Олаф встал и, стоя над Цыбиным, вгляделся в серый, хлещущий воздух. Он толкнул в плечо Цыбина, глаза у него блестели.

– Гляди, гляди! – крикнул он Цыбину. Цыбин поднял голову и увидел свою ёлу. Теперь, без буксира, еще легче резала воду, она неслась сюда, к Цыбину, она не хотела бросить его, она сейчас будет совсем близко. У Цыбина сразу налились теплым, стали живыми ноги, руки, глаза, он вскочил… Ёла – тут, она – тут, ему нужно что-то сделать – и опять все будет хорошо.

– Эй, эй! Куда! – услышал Цыбин и потом еще что-то по-норвежски – это, должно быть звала хозяйка ёлы. Потом сейчас же понял: – это Клаус, он на корме возле Фомича. И успел увидеть еще Фомич, глядя одним глазом на ёлу, круто поворачивает бот, чтобы ёлу пронесло мимо, – чтобы она не задела.

Все это мгновенно падало одно за другим. Нос ёлы мелькнул за кормой, она обогнала, ее ударило ветром, на одну секунду она ласково, тесно прижалась к боту. И этой секунды Цыбину было довольно, чтобы прыгнуть туда, к себе, на свою ёлу. Ей как будто это и было нужно: она сейчас же отошла от бота, и Цыбин уже не слышал, как вслед ему кричали Фомич, Клаус и Олаф.

Сквозь косо хлещущий сумрак они еще два раза увидели ёлу. Второй раз она была отделена от них и от всего мира глубокой водяной ямой – Цыбина они уже больше не могли разглядеть.

1928

Десятиминутная драма

Трамвай № 4, с двумя желтыми глазами, несся сквозь холод, ветер, тьму вдоль замерзшей Невы. Внутри вагона было светло. Две розовые комсомолки спорили о Троцком. Дама контрабандой везла в корзинке щенка. Кондуктор тихо беседовал с бывшим старичком о Боге. Кроме автора, никто из присутствующих не подозревал, что сейчас они станут действующими лицами в моем рассказе, с волнением ожидающими развязки десятиминутной трамвайной драмы.

Действие открылось возгласом кондуктора:

– Благовещенская площадь, – по-новому площадь Труда!

Этот возглас был прологом к драме, в нем уже были налицо необходимые данные для трагического конфликта: с одной стороны – труд, с другой стороны – нетрудовой элемент в виде архангела Гавриила, явившегося деве Марии.

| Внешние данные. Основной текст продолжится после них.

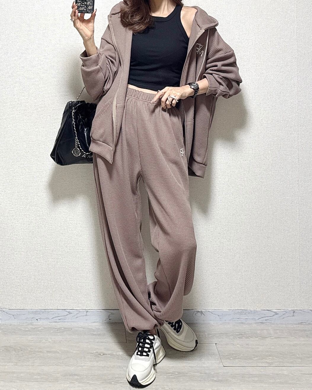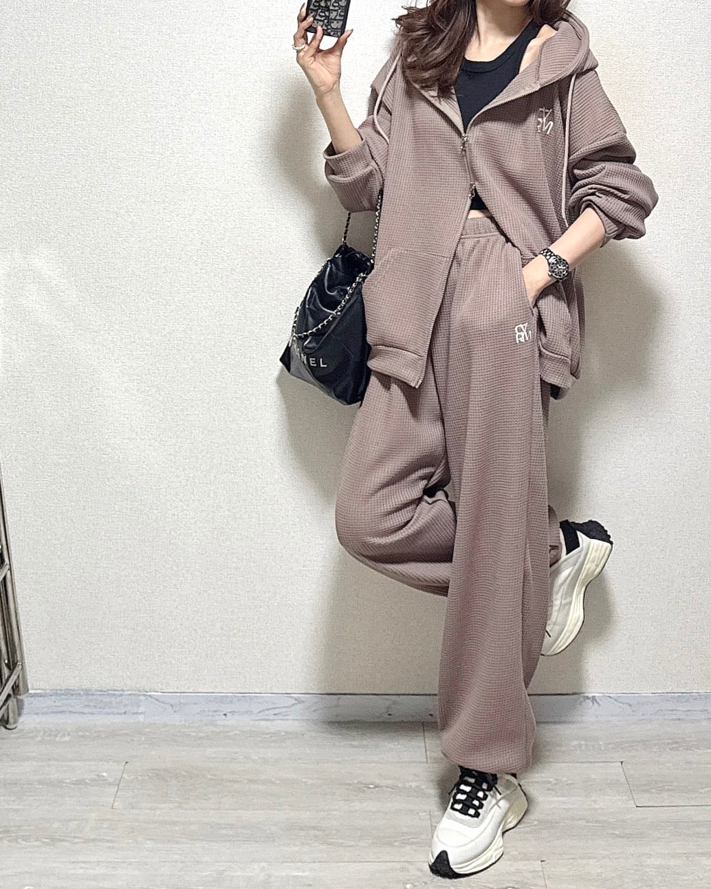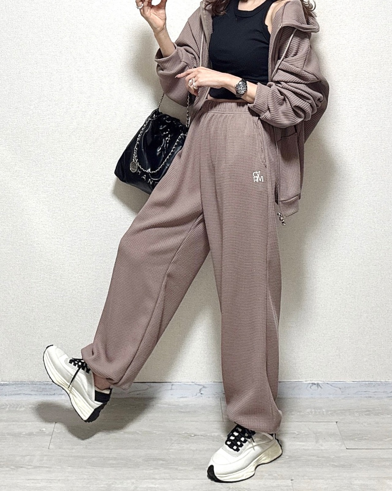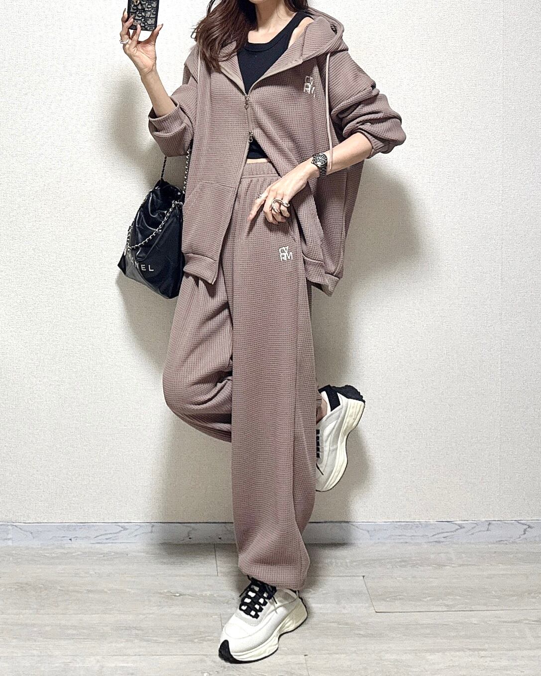 ロゴ刺繍ワッフルダブルzipパーカー×裾2wayワッフルPT/セットアップ/モカ
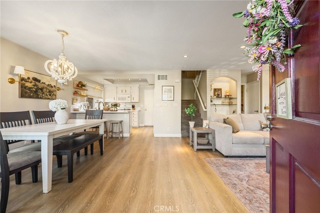 Welcome to this beautifully updated 2 bedroom, 3 bathroom condo offering 1,131 square feet of comfortable living in the heart of Santa Clarita and located within a top rated school district. From the moment you step inside, youll appreciate the open floor plan, light wood laminate flooring, recessed lighting, and a welcoming living space centered around a cozy wood burning fireplace. The kitchen is a true highlight, featuring newer quartz countertops, a large fixed island with bar seating, a farmhouse style sink with a sleek modern faucet, updated cabinetry with stylish hardware, and a newer dishwasher. Built-ins overlook the family room, adding both character and functionality to the space. A convenient half bath is located downstairs, making it perfect for guests and everyday living. Upstairs, youll find two spacious primary suites, each with vaulted ceilings that create an open and airy feel. The primary bedroom offers a generously sized walk-in closet, while both bedrooms provide ample space and privacy, making this layout ideal for first-time buyers, roommates, or anyone looking for flexible living options. Additional features include in-unit laundry located in the attached two car garage, a newer water heater, updated flooring, and central heating and air conditioning. The garage offers direct access, adding both convenience and storage. The gated community offers a pool and jacuzzi, and the location provides close proximity to restaurants, coffee shops, parks, and everyday conveniences. This move-in ready home combines comfort, style, and location in one of Santa Claritas most desirable areas.
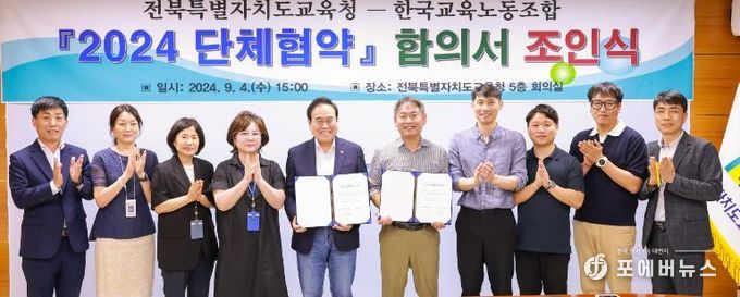 [ 포에버뉴스 이승훈 기자 ] 전북특별자치도교육청과 한국교육노동조합은 4일 도교육청 5층 회의실에서 ‘2024 단체협약 합의서 조인식’을 가졌다.

Кондуктор открыл дверь, и в вагон вошел очаровательный молодой человек с нумером московских «Известий» в руках. Молодой человек сел напротив меня, старательно подтянул на коленях нежнейшие гриперлевые брюки и поправил на носу очки.

Очки, разумеется, были круглые, американские, с двумя оглоблями, заложенными за уши. В этой упряжи одни, как известно, становятся похожими на доктора Фауста, другие – на беговых жеребцов. Молодой человек принадлежал к последней категории. Он нетерпеливо бил в пол лакированным копытом ботинка; ему надо вовремя, точно попасть на Васильевский остров к полудеве Марии, а кондуктор все еще задерживал на остановке вагон и не давал звонка. Впрочем, кондуктора нельзя винить: не мог же он отправить вагон, пока там не появится второй элемент, необходимый для драматического конфликта.

И наконец он появился. Он вошел, утвердил на полу свои огромные валеные сапоги и крепко ухватился за вагонный ремень. Ни для кого, кроме него, не ощутимое землетрясение колыхало под его ногами, он покачивался. Покачиваясь, плыл перед ним чудесный мир: две розовые комсомолки, замечательный щенок…

– Тютька, тютька… Тютёчек ты мой!

Он нагнулся – погладить щенка, но невидимое землетрясение подкосило его, и он плюхнулся на скамью рядом со мной, как раз напротив лакированного молодого человека.

– Н-ну… Н-ну, и выпил… Ну, и что ж? – сказал он. – Им-мею полное право, да! Потому – вот они мозоли, вот, глядите!

Он продемонстрировал трамвайной аудитории свои ладони и тем избавил меня от необходимости объяснить его социальное происхождение: оно и так очевидно. И, очевидно, не случайно, волею судьбы и моей, они были посажены друг против друга: мой сосед в валенках и лакированный человек.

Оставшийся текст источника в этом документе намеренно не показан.